Fixes: #12522 and adds some developer documentation of parsing.

Perhaps @ppedrot or other @coq/parsing-maintainers could help me resolve the TODOs in the developer documentation? Thanks.

dev/doc/parsing.md

ppedrot · 2020-07-21T11:39:09Z

dev/doc/parsing.md

+
+  TODO: creates wit_ variable--makes it possible to refer to when using alternative prodn syntax?
+
+  TODO: best practice - use this or GRAMMAR EXTEND?
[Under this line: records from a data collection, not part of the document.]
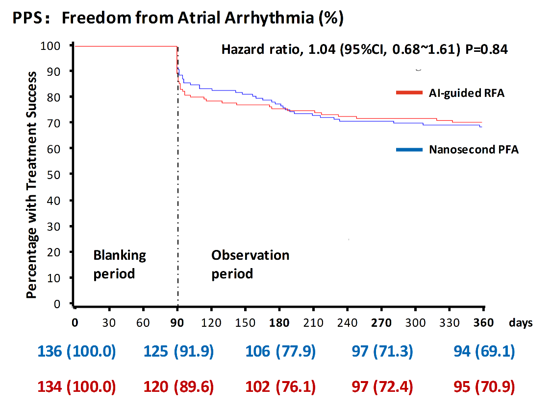 nsPFA demonstrated noninferior efficacy, similar safety, and greater procedural efficiency versus AI-guided RFA, offering a promising new electroporation modality for pulmonary vein isolation. Its consistent feasibility under conscious sedation—with minimal muscle contraction—also suggests workflow and patient-comfort advantages. These findings add meaningful clinical evidence to the global evolution of pulsed field ablation technologies and support nsPFA’s role in next-generation AF ablation strategies.
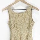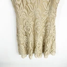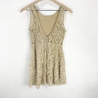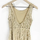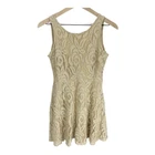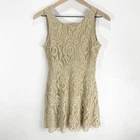 Finn & Clover womens size medium tan lace dress. Sleeveless, open back with see through lace detail. Floral detail and medium weight fabric. New with tags! Material: 80% cotton 20% nylon Measurements (in inches) Sleeve Opening : (top of shoulder to armpit) 9" Sleeve length: (from armpit to hem of sleeve) 0" Length: (top of shoulder at neckline to hem) 30" Chest : (armpit to armpit) 14" Please email us with any questions! We stand by our clothing items and strive to make every purchase perfect, please reach out if you have an issue with an order before leaving negative feedback
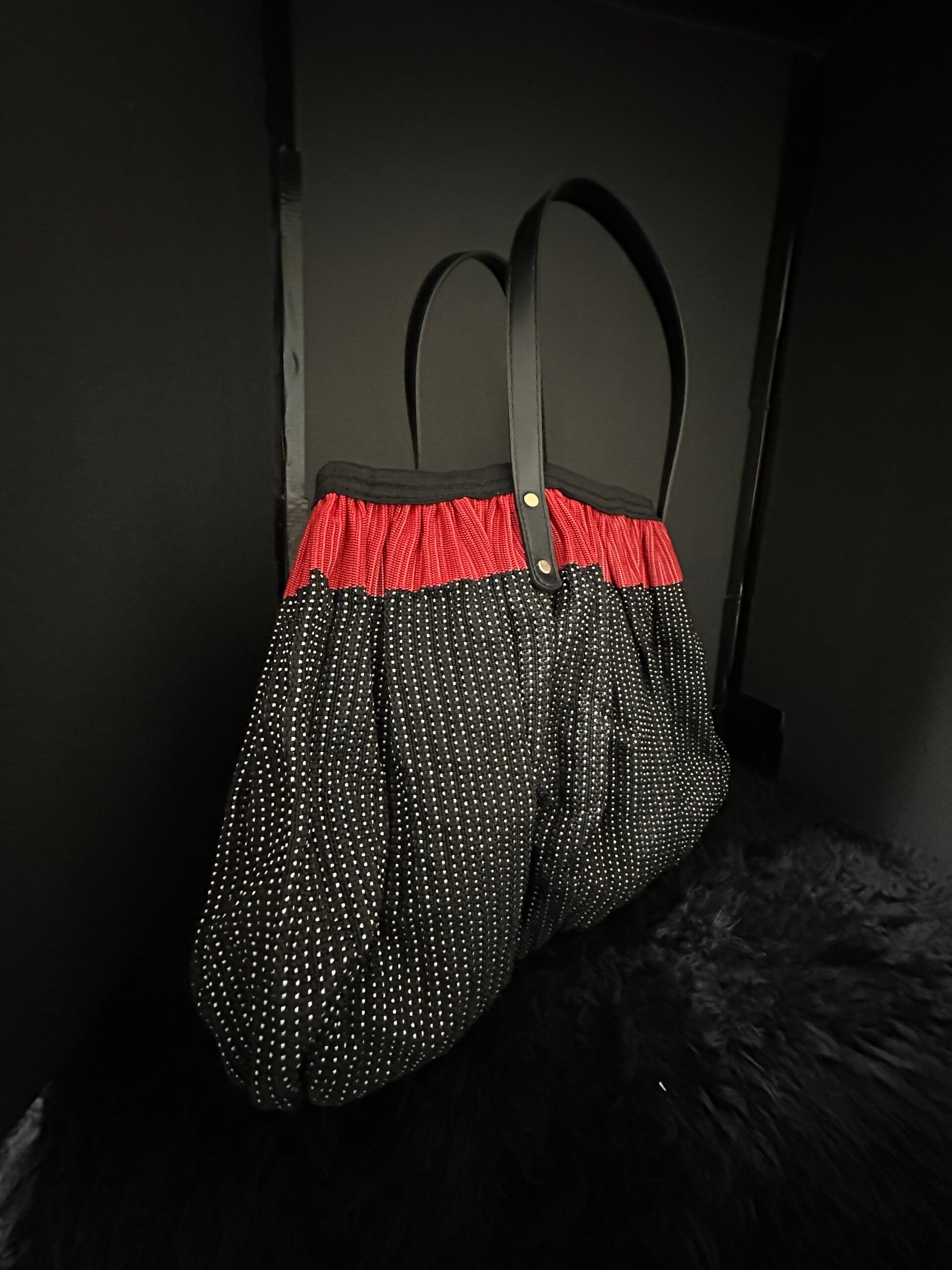 Elevate your style with this striking black and red purse. Featuring a vibrant, gathered red top and a spacious black body with a subtle dotted pattern, this tote is both playful and chic. Durable black straps complete the look. Perfect for any occasion, it's a show-stopper that's as unique as you are.
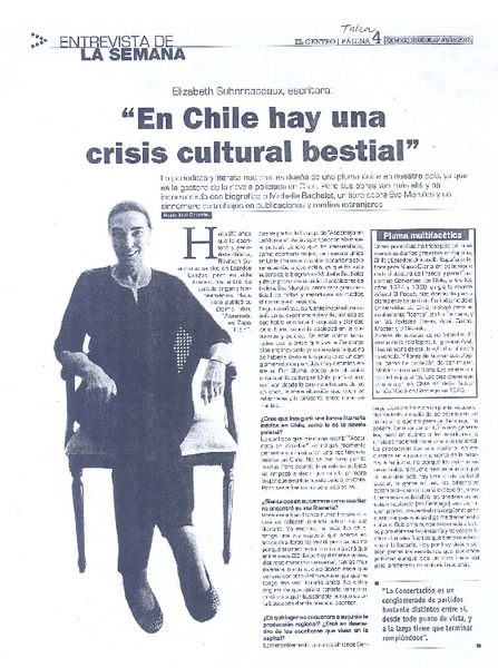 "En Chile hay una crisis cultural bestial" [artículo] María José Cabezas.
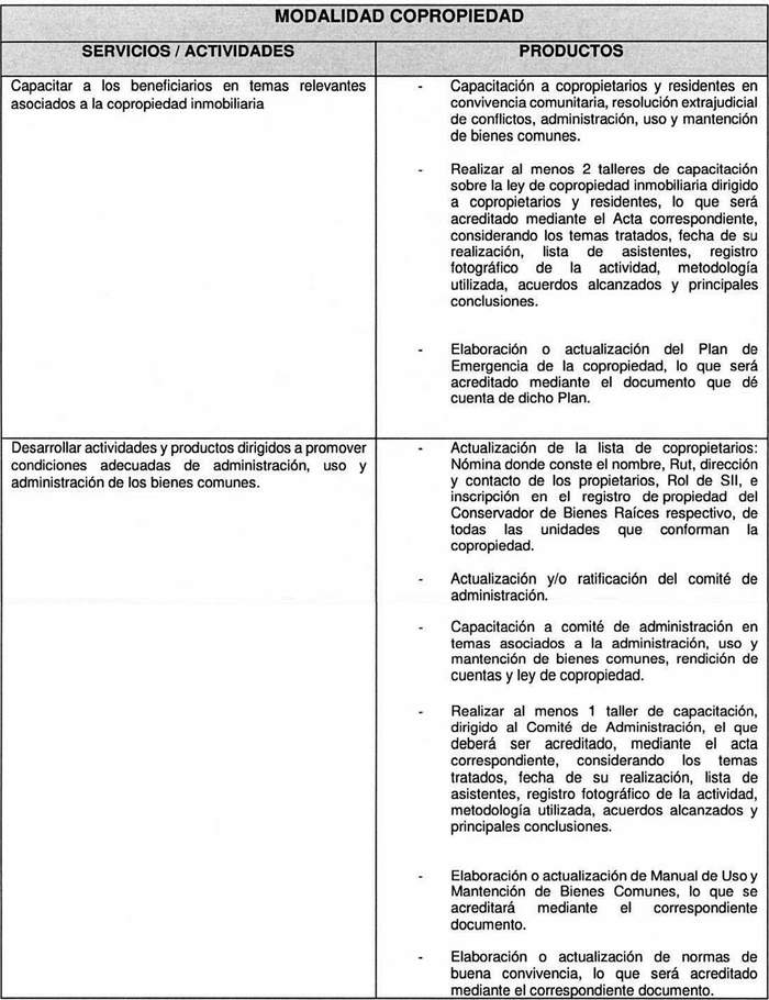 26. Establézcase a lo menos, los siguientes productos para Copropiedad Inmobiliaria de acuerdo a la resolución Nº 1.237 (V. y U.), de fecha 24 de mayo de 2019, según modalidad de postulación y selección:
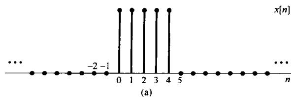 如何把任何离散时间信号看成由离散时间单位脉冲构成的关键是:要把一个离散时间信号当成一串单个脉冲来想象。为了明了如何把这种直观认识变成一种数学表示式,让我们来看图2.1(a)中的信号。在该图的其余部分画出了5个时间移位并加权了的单位脉冲序列,每个脉冲的大小与 所对应的时刻序列值相等,例如
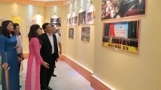 | L’exposition de photos «Avancer avec fierté sous le drapeau du Parti» attire les visiteurs. |
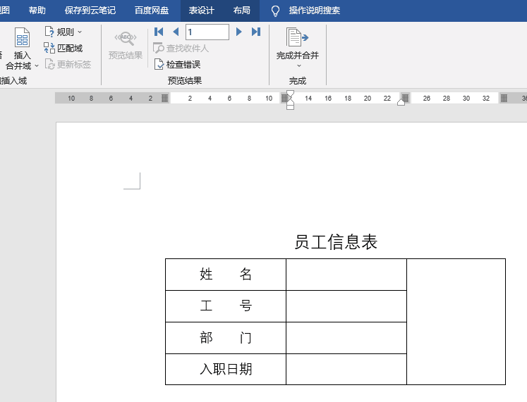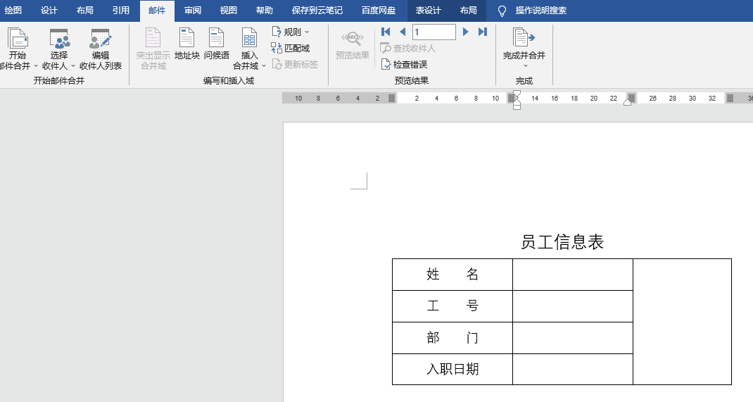 将光标定位到空白单元格,进入「邮件」——「编写和插入域」——「插入合并域」,对应单元格依次插入。
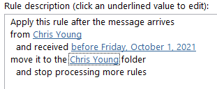 I am looking for help on a rule I am setting up (see pic below). The rule is not applying to any of Chris's reply emails. This is true whether Chris was the original email in the chain or not.
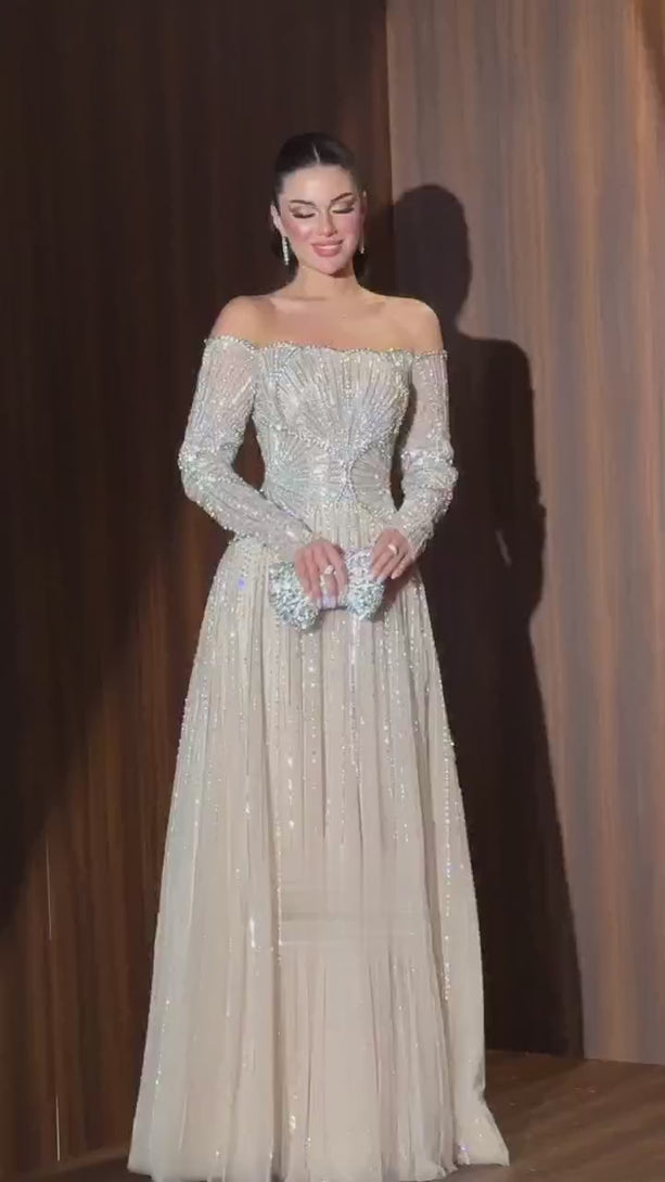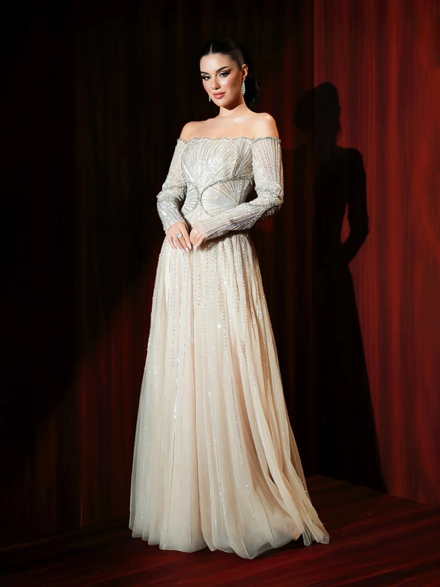 A Luxury Beige Arabic Dubai Famous Designer A-Line Evening Dress Designed For Wedding Parties And Formal Occasions. Model LA73333.
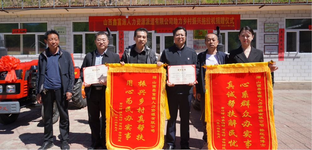 5月15日上午,山西304永利官网网址人力资源公司董事长韩红光、工会主席刘莉等领导一行前往浑源县大仁庄乡,深入农村调研,助力乡村振兴,并捐赠了3台拖拉机和农耕设备。
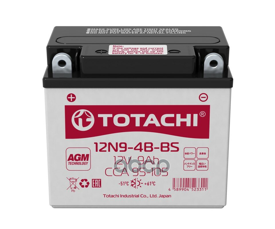 Акб Totachi Moto 12n9-4b-Bs 9 А/Ч R Agm TOTACHI90009 информация:
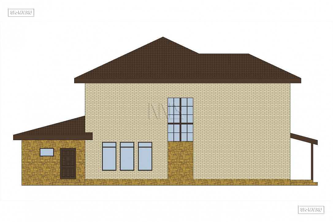 Проект газобетонного дома площадью почти 300 кв.м с навесом для автомобиля и застекленной верандой.
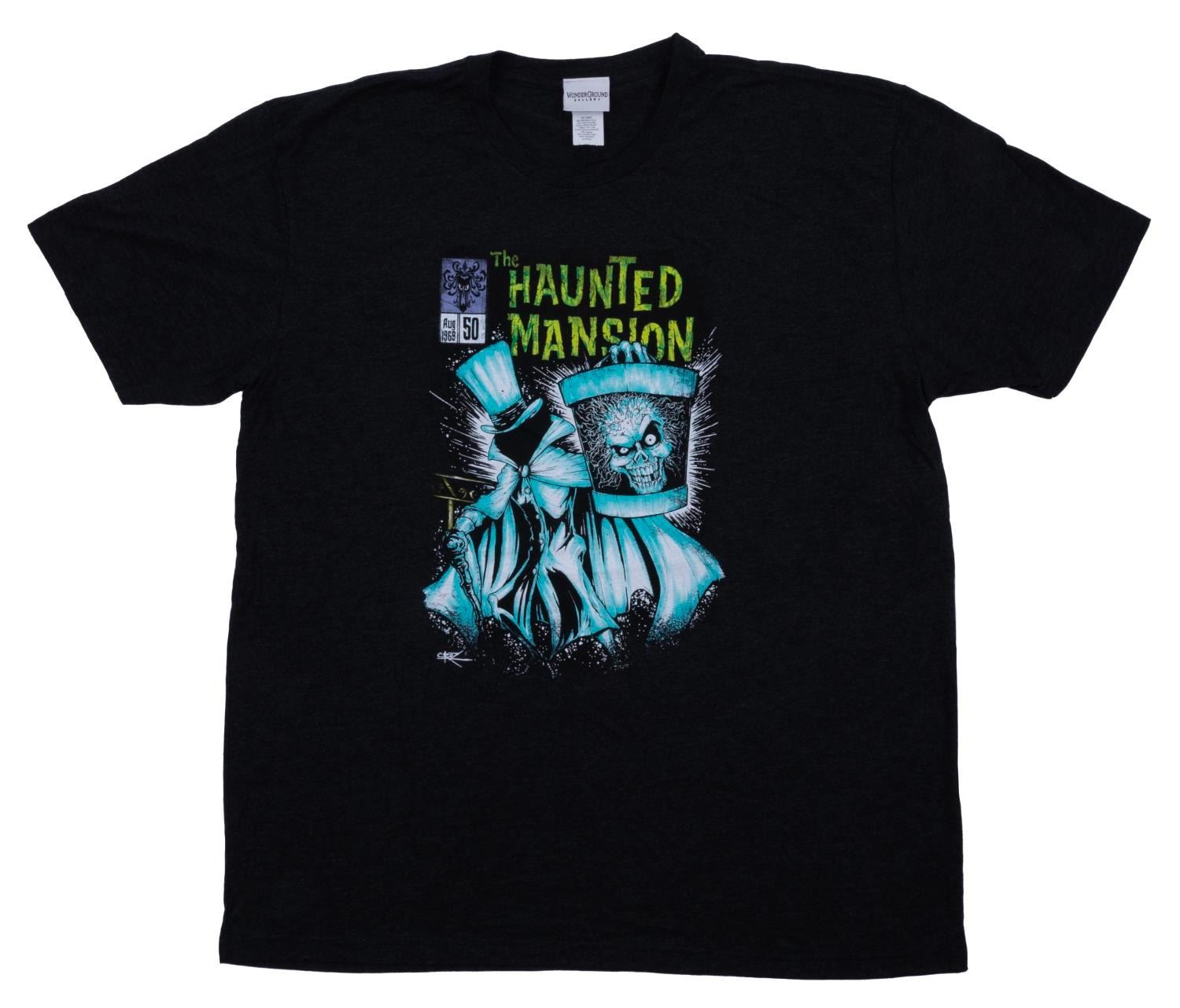 (WonderGround Gallery, 2019) A WonderGround Gallery exclusive The Haunted Mansion #50 Comic t-shirt from the 50th anniversary of the attraction. Measuring a size XL, the shirt is in fine condition.

Don't use GRAMMAR EXTEND, except when you know what you're doing, which is the unique privilege of ssr developers (and even them, sometimes they do strange stuff).

There must be more to the story. I see GRAMMAR EXTEND is used in 17 mlg files. Is part of this tech debt (e.g. in g_indfun.mlg)? If so, I can say that. Also I can say that new tactics and commands should not be added with GRAMMAR EXTEND.

The funind instance looks like an oversight. This should be turned into a VERNAC ARGUMENT EXTEND since there is not much more to it.

The typical use of GRAMMAR EXTEND is for low-level complex syntactic constructs, typically when implementing a full-blown language grammar (e.g. gallina, LtacX, ssr). Not for the casual user, thus.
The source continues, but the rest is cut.